Illinois law requires a lender to provide the borrower with a release of the mortgage within one month after the mortgage loan is paid off (although the lender may record the release instead of delivering it to the borrower). Regulation X requires the lender to provide the borrower with a final escrow account statement, in addition to returning unused escrow funds. Also, the OCC’s Mortgage Banking examination procedures require banks to “return the original promissory note to the borrower in a timely manner,” and it is possible that your primary federal regulator (the Federal Reserve) would have a similar expectation.
Finally, you should check your loan agreements to see if they require you to provide additional documents, and if the loan was sold on the secondary market, you should check to see if the loan purchasers impose additional requirements.
For resources related to our guidance, please see:
- Mortgage Act, 765 ILCS 905/2 (“Except in the case of a mortgage that is required to be released under the Mortgage Certificate of Release Act, every mortgagee of real property . . . having received full satisfaction and payment of all such sum or sums of money as are really due to him from the mortgagor . . . shall make, execute and deliver to the mortgagor . . . an instrument in writing releasing such mortgage or deed of trust in the nature of a mortgage or shall deliver that release to the recorder or registrar for recording or registering. If the release is delivered to the mortgagor . . . it must have imprinted on its face in bold letters at least ¼ inch in height the following: ‘FOR THE PROTECTION OF THE OWNER, THIS RELEASE SHALL BE FILED WITH THE RECORDER OR THE REGISTRAR OF TITLES IN WHOSE OFFICE THE MORTGAGE OR DEED OF TRUST WAS FILED’. . . .”)
- Mortgage Act, 765 ILCS 905/4 (A lender could be liable for a $200 penalty if it does not “within one month after the payment of the debt secured by such mortgage or trust deed, comply with the requirements of Section 2 of this Act . . . .”)
- Regulation X, 12 CFR 1024.17(i)(4)(iii) (“If a borrower pays off a federally related mortgage loan during the escrow account computation year, the servicer shall submit a short year statement to the borrower within 60 days after receiving the pay-off funds.”)
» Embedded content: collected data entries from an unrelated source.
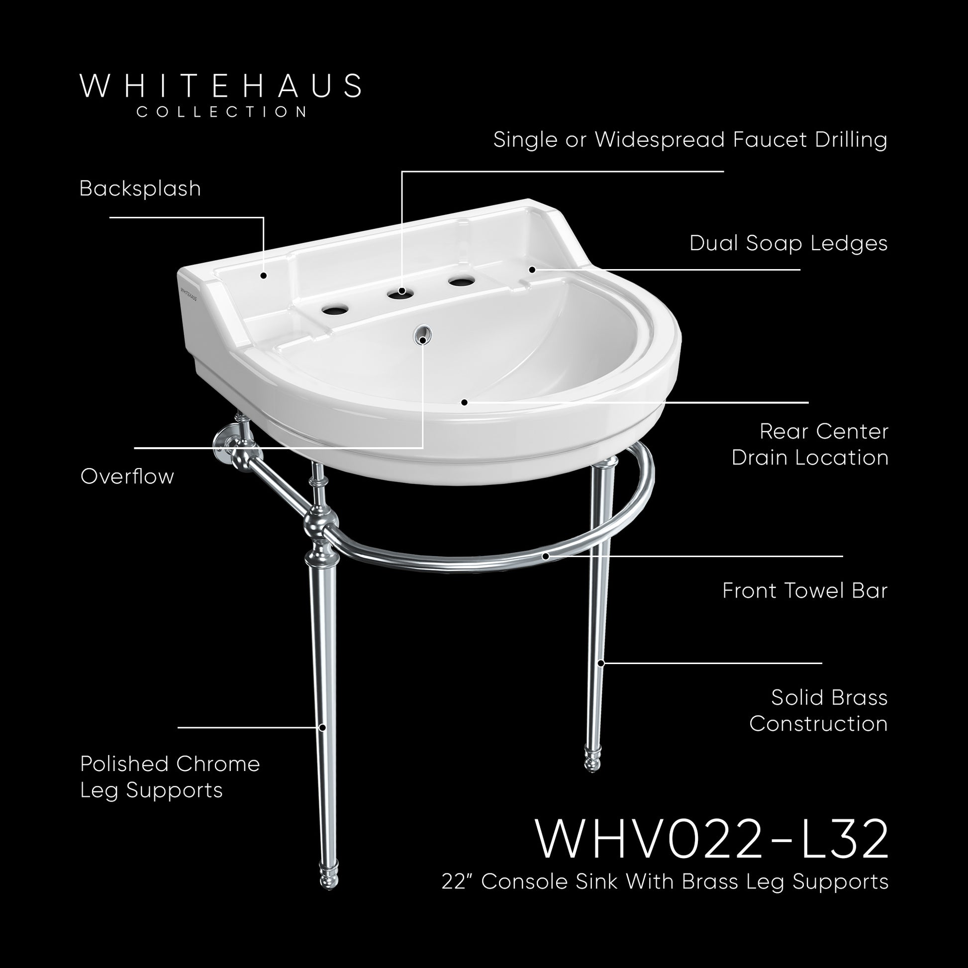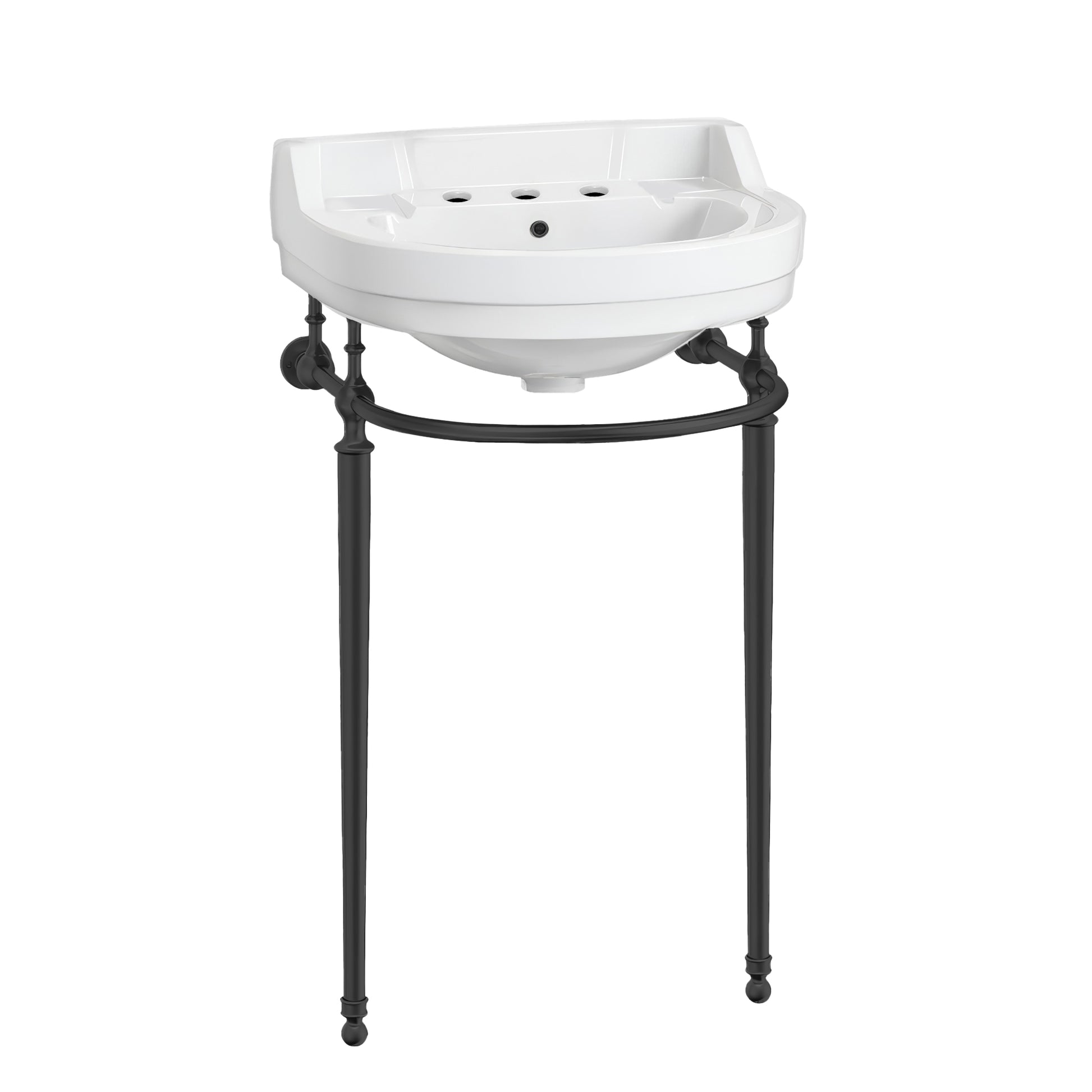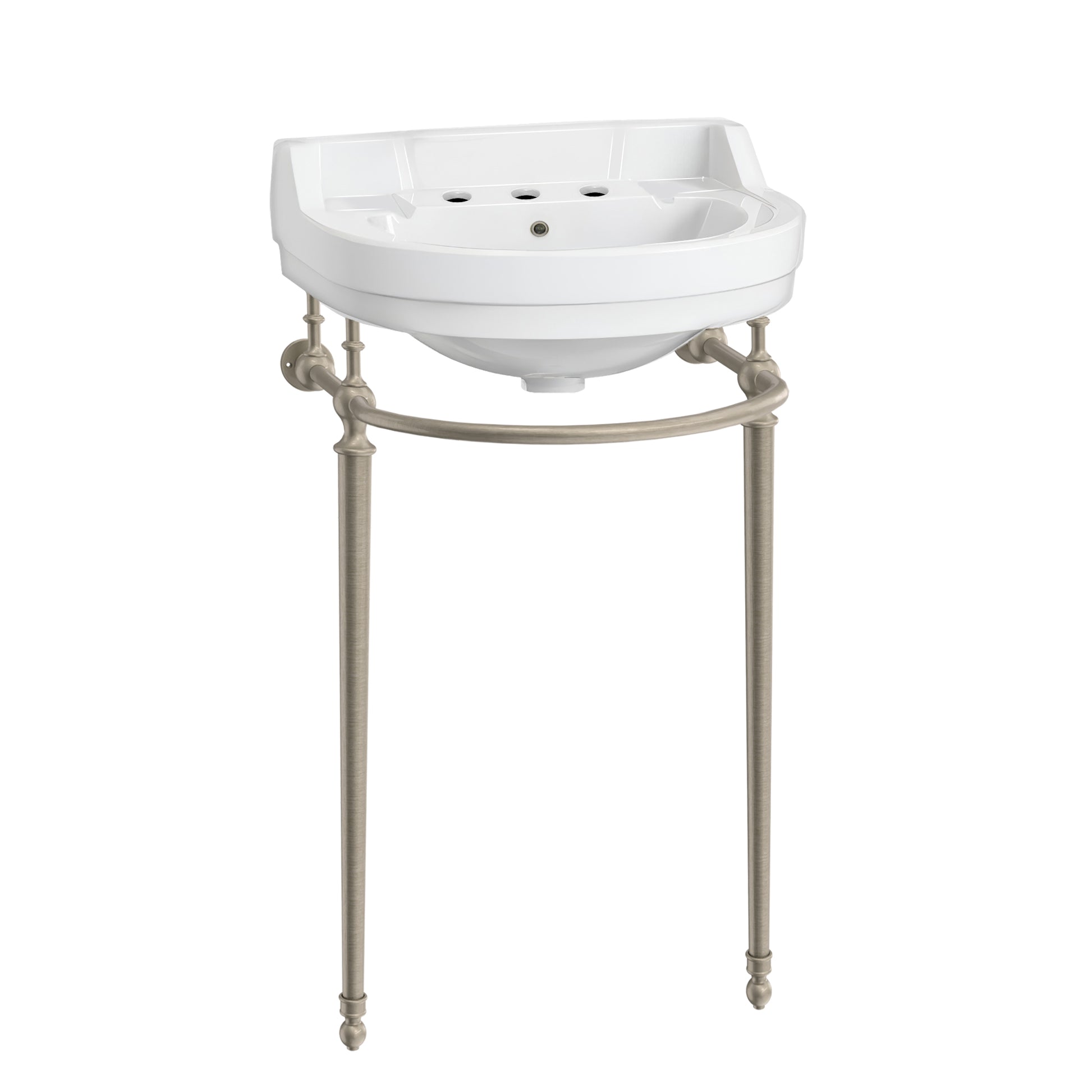 22" Console Sink With Semi-Circular Bowl, Solid Brass Leg Supports and Front Towel Bar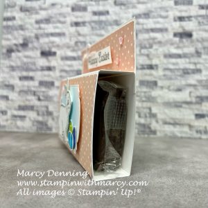 - I added some pink sequins from the Pastel Sequins (also retiring) and a white Baker’s Twine to finish off the box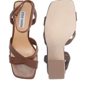 NWT Steve Madden “Renley” block heel ankle strap sandal in Brown leather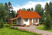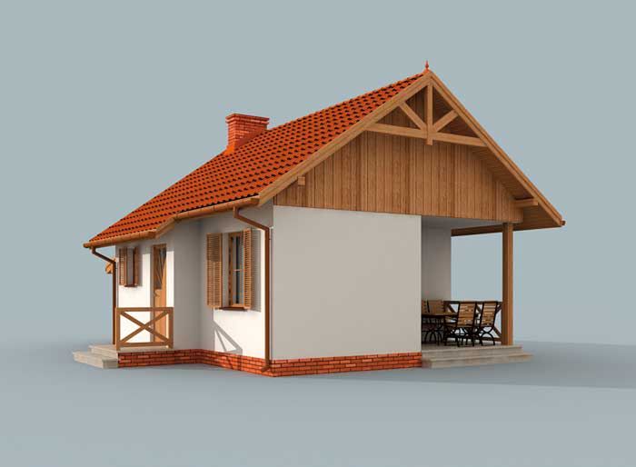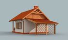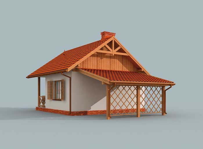 Ściany zewnętrzne murowane grubości 30 cm, działowe gr. 12 cm. Konstrukcja więźby dachowej drewniana, pokrycie dachówka ceramiczna. Istnieje możliwość adaptacji obiektu na budynek całoroczny. Projekt dostępny także w technologii szkieletowej. O cenę projektu w wersji całorocznej zapytaj naszego Doradcę.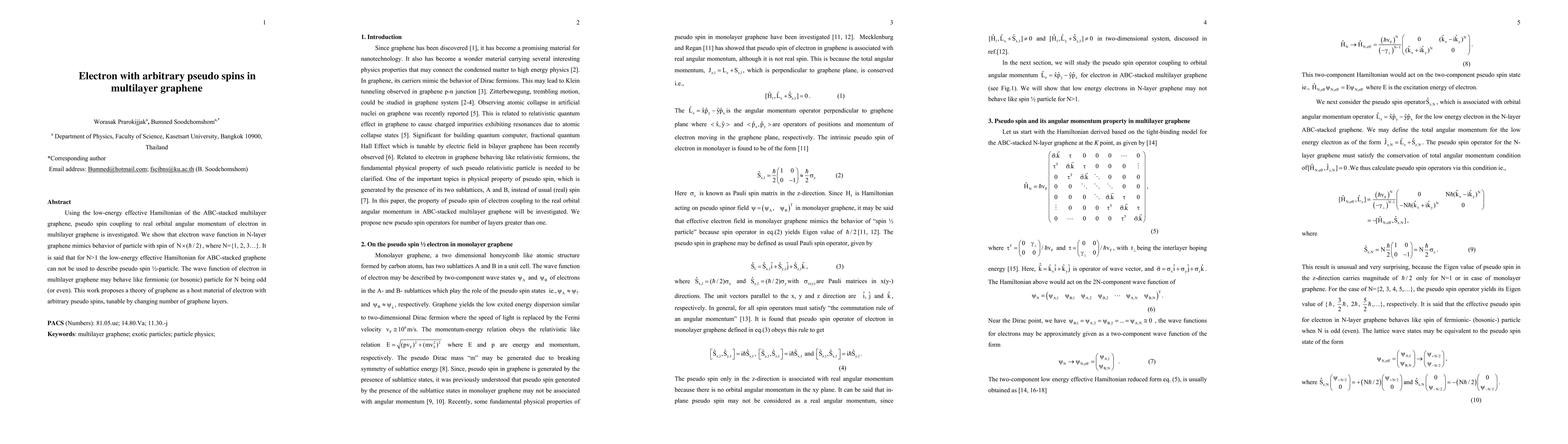 Using the low-energy effective Hamiltonian of the ABC-stacked multilayer graphene, pseudo spin coupling to real orbital angular momentum of electron in multilayer graphene is investigated. We show that electron wave function in N-layer graphene mimics behavior of particle with spin of N/2. It is said that for N greater than 1 the low-energy effective Hamiltonian for ABC-stacked graphene is no longer used to describe pseudo spin 1/2-particle wave function. The wave function of electron in multilayer graphene may behave like fermionic (or bosonic) particle when N is odd (or even). This work proposes a theory of graphene as a host material of electron with arbitrary pseudo spins, tunable by changing number of graphene layers.

- Regulation X, 12 CFR 1024.34(b) (“Except as provided in paragraph (b)(2) of this section, within 20 days (excluding legal public holidays, Saturdays, and Sundays) of a borrower’s payment of a mortgage loan in full, a servicer shall return to the borrower any amounts remaining in an escrow account that is within the servicer’s control.”)
- OCC Comptroller’s Handbook, Mortgage Banking, printed page 145 (“When a borrower pays off a loan, does the bank file the mortgage release and satisfaction and return the original promissory note to the borrower in a timely manner?”)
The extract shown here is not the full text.